YOUR TASK
Write out the data that follows exactly, keeping every picture out.

DATASET CONTENT
────

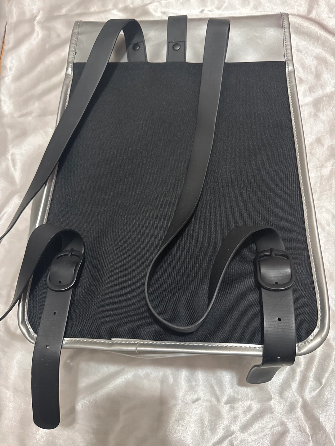 76Selling a Rains backpack in silver! It's in good condition and ready for a new owner. Perfect for carrying your essentials around town or on your next adventure
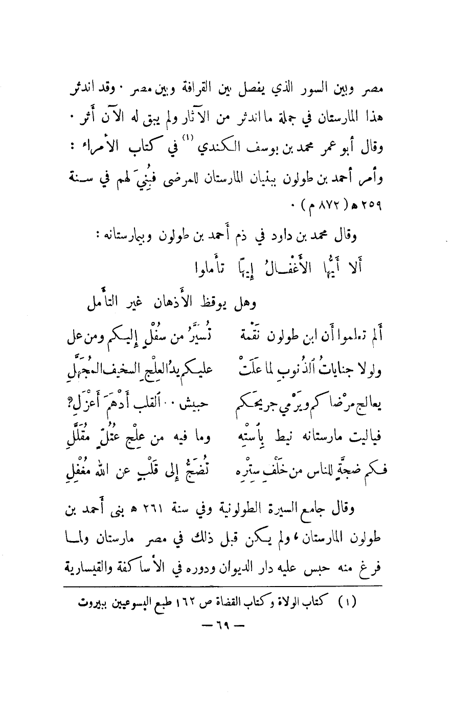 وقال محمد بن داود في ذم أحمد بن طولون وبيمارستانه:
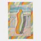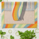 Retro Surfboard Pelican Wavy Stripe Art Tea Towel
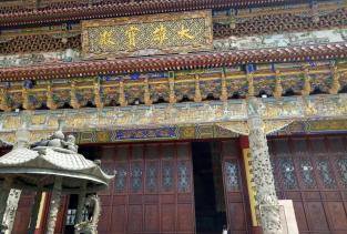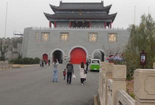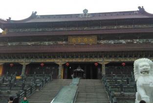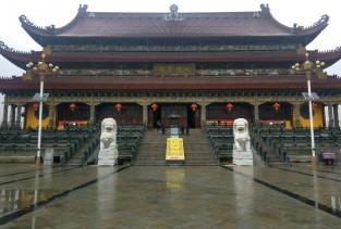 南海禅寺山门牌楼长50米,高31米。在山门内长500米,宽20米的甬道上,自北向南依次按12因缘、12生肖、12菩萨,建筑了12座花岗岩牌坊,风格独特,巍巍壮观。东北部白圣长老舍利塔,融我国古代建筑艺术与东南亚现代建筑艺术风格为一体,既高大雄伟,又典雅别致。寺院门前为三殿门,殿内两旁供奉两尊金刚为“哼哈”二将,寺内南部是以大雄宝殿居中心的殿堂建筑区。大雄宝殿内供有一尊高17米,重72吨铜雕鎏金坐像,殿前为1200平方米的广场。大雄宝殿台基上雕刻的花岗岩质500罗汉,集全国20多处罗汉堂之精华,聚优秀雕刻工

────

SOLUTION TO THIS TASK
 76Selling a Rains backpack in silver! It's in good condition and ready for a new owner. Perfect for carrying your essentials around town or on your next adventure
 وقال محمد بن داود في ذم أحمد بن طولون وبيمارستانه:
 Retro Surfboard Pelican Wavy Stripe Art Tea Towel
 南海禅寺山门牌楼长50米,高31米。在山门内长500米,宽20米的甬道上,自北向南依次按12因缘、12生肖、12菩萨,建筑了12座花岗岩牌坊,风格独特,巍巍壮观。东北部白圣长老舍利塔,融我国古代建筑艺术与东南亚现代建筑艺术风格为一体,既高大雄伟,又典雅别致。寺院门前为三殿门,殿内两旁供奉两尊金刚为“哼哈”二将,寺内南部是以大雄宝殿居中心的殿堂建筑区。大雄宝殿内供有一尊高17米,重72吨铜雕鎏金坐像,殿前为1200平方米的广场。大雄宝殿台基上雕刻的花岗岩质500罗汉,集全国20多处罗汉堂之精华,聚优秀雕刻工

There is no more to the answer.